The Gamaliel in this quote is Gamaliel II, and the time period is toward the end of the first century CE (ca. 85 CE).

The blessing commissioned by Gamaliel II was the birkat haminim, the blessing against heretics which is the twelfth blessing in the Jewish prayer unit known as the amidah (=`standing'). The amidah also goes by the name shemonah esrei, or "eighteen". The talmudic citation above refers to the eighteen (benedictions). Incidentally, there are 19 blessings in the shemonah esrei, which is an interesting story that has an important connection to this gemara (= Talmudic excerpt).

The amidah has remained a central element of the Jewish liturgy, and is recited regularly by traditional Jews today. The twelfth blessing, against heretics (Heb. minim) reads:
Quote:
May there be no hope for slanderers, and may all wickedness instantly perish, and may all your enemies quickly be destroyed. May you quickly uproot, smash, destroy, and humble the insolent quickly in our day. Blessed are you, YHWH, who smashes his enemies and humbles the insolent.
Some elements of the liturgy and the rabbinic writings were, during the middle ages, subject to censoring by Christian authorities. In this connection, it is interesting to note that one of the fragments from the genizah of the old city of Cairo contained a version of the birkat haminim which explicitly mentioned notzrim (= Nazareans = Jewish converts to Christianity during the first century CE).
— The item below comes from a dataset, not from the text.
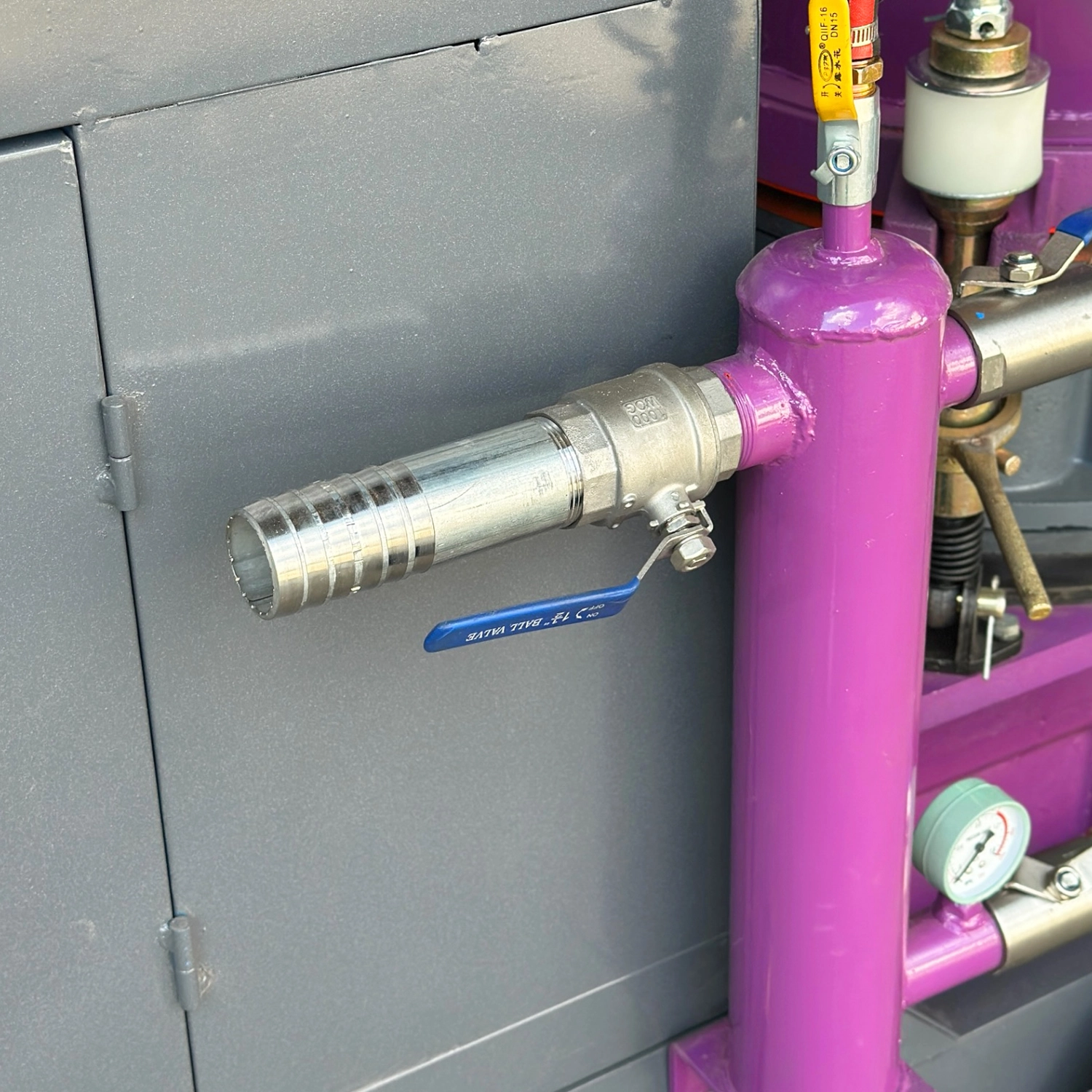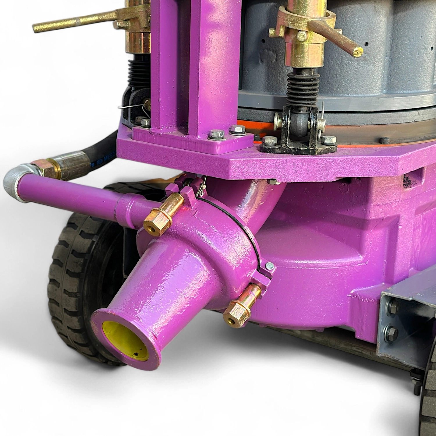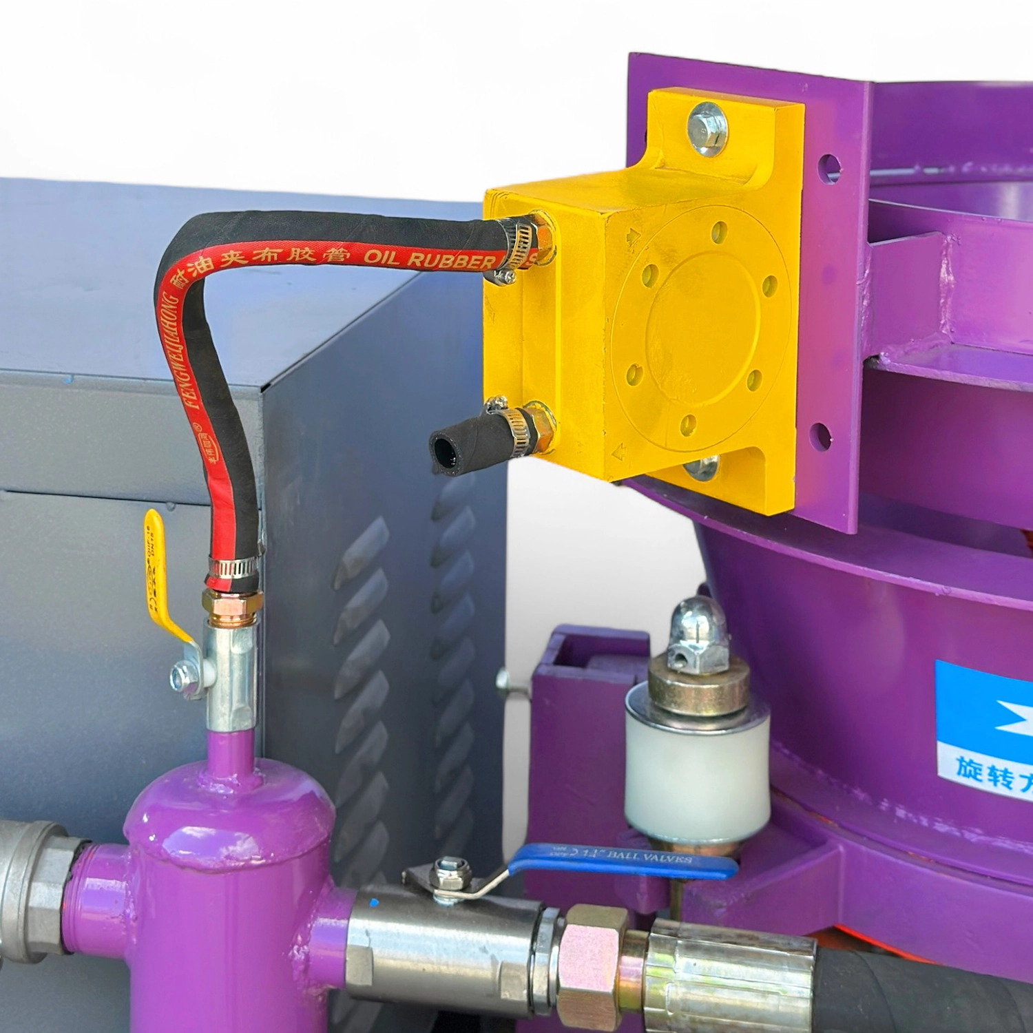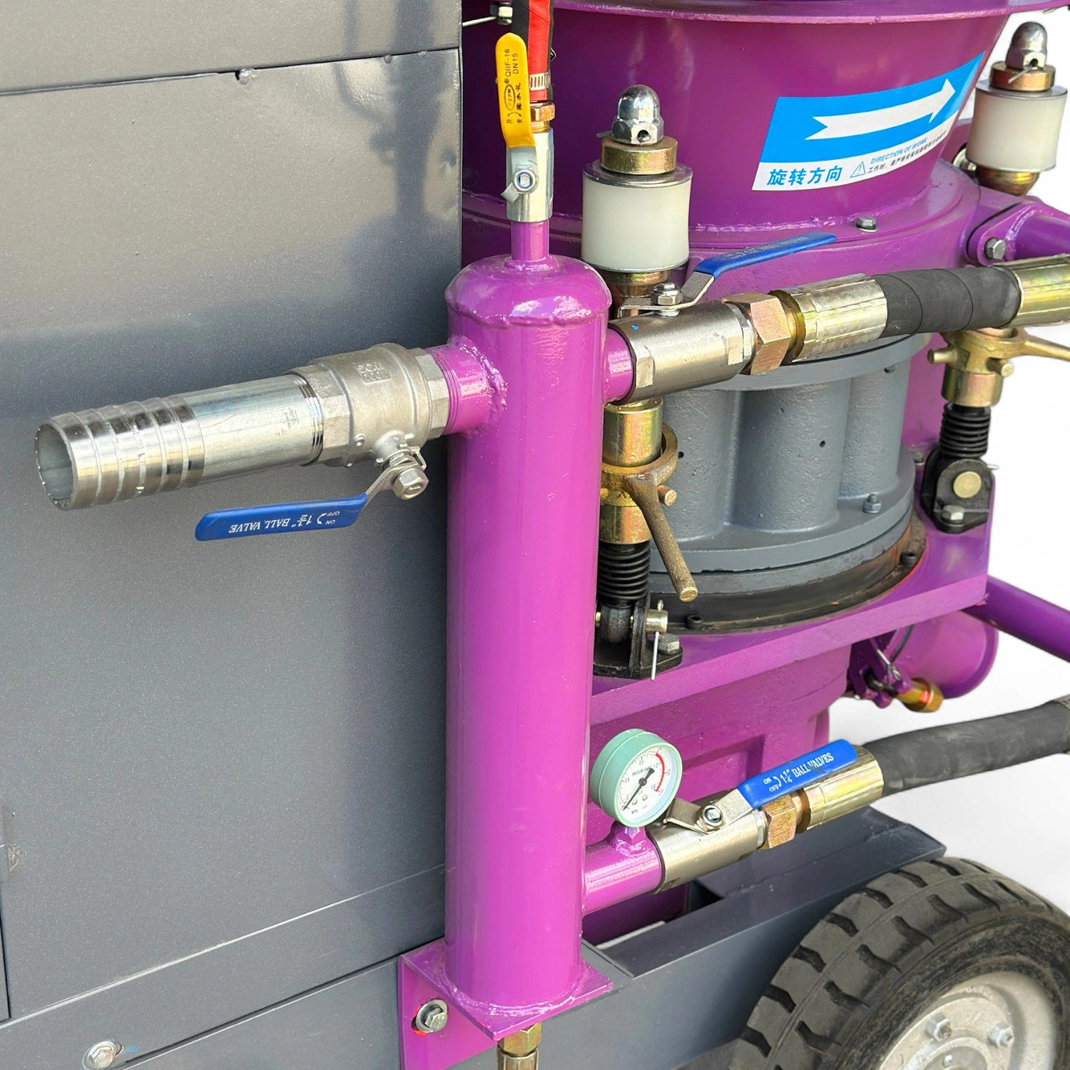 К торкрету установки шланг высокого давления не входит в комплект и покупается отдельно, подбирая длину по потребности объекта; рекомендуемый внутренний диаметр шланга и транспортных шлангов составляет 32–50 мм в зависимости от объема подачи смеси и расстояния до поверхности нанесения.

(A genizah is a room adjoining a synagogue where old and worn sacred documents are kept prior to ritual disposal (= burial). The Cairo genizah was discovered in the late 19th century. It contained fragments of Jewish documents from the 8th and 9th centuries CE, including a version of one of the Dead Sea Scrolls known as the Covenant of Damascus - a fascinating story which I haven't the time to go into here. Much of the material from the Cairo genizah was analyzed by the rabbinic scholar Solomon Schechter of Cambridge University.)
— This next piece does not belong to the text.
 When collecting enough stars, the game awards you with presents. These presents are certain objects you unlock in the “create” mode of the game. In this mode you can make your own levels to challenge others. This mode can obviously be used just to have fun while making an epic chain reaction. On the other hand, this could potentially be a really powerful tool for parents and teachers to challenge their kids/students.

Here's the birkat haminim from the genizah document:
Quote:
May there be no hope for apostates, and may you quickly uproot the insolent reign in our day, and may the Nazareans and heretics instantly perish. May they be erased from the book of life, and may they not be written with the righteous. Blessed are you, YHWH, who humbles the insolent.
Synthesis: The birkat haminim, whose roots may have originated during Hasmonean times, was applied to Jewish converts to Christianity (notzrim) and added to the amidah during the time of Gamaliel II, ca. 85 CE. Perhaps not coincidentally, some of the nastiest anti-Jewish invective in the canonical gospels is found in the Gospel of John, which is the latest of the four, generally dated to ca. 95 CE. It is natural to posit that as the early Christians came to be definitively rejected by their Jewish brethren (who enshrined a blessing (really a curse) against them in their liturgy), they lashed out more stridently in their own texts. To what extent various passages in the NT should be regarded as anti-Jewish is a tricky point. I think it anachronistic to impute either anti-Judaism (hatred of or opposition to normative Jewish practice) or antisemitism (racial hatred of Jews) to the gospel authors. Rather, these passages are best understood as sectarian polemic very much akin to what is found in the Hebrew Bible itself or in the Dead Sea Scrolls (although anti-Jewish/antisemitic passages could have been inserted by later redactors). Ultimately, Christianity failed among the Jews but succeeded greatly in the Hellenistic world, at which point the sectarian polemic of the New Testament was transmogrified into full blown Christian antisemitism, as the writings of the patristic authors attest. Explicit reference to Christians (notzrim) was excised from the birkat haminim during the middle ages, due to the actions of (or for fear of) Christian authorities.

Incidentally, the amidah from the Cairo genizah contains 18 blessings - not 19. Some scholars, starting with Schechter's student Ismar Elbogen, believe that two of the blessings - numbers 14 (for Jerusalem) and 15 (for David) - had originally been one single blessing. (Both mention David.) At some point they were split. Yet B. Berakhot 29a also refers to the problem of there being 19 and not 18 blessings. One possibility is that the birkat haminim commissioned by Gamaliel II was indeed the 18th blessing. (18 also is the gematria, or numerical equivalent, of the Hebrew word for life, chai = חי - maybe Gamaliel wanted to add a blessing to the amidah in order to achieve this special number?) Then at some point between the time of Gamaliel II (ca. 85 CE) and the writing of B. Berakhot (ca. 400 CE???) the 14th and 15th blessings had split apart. All this is quite speculative, of course.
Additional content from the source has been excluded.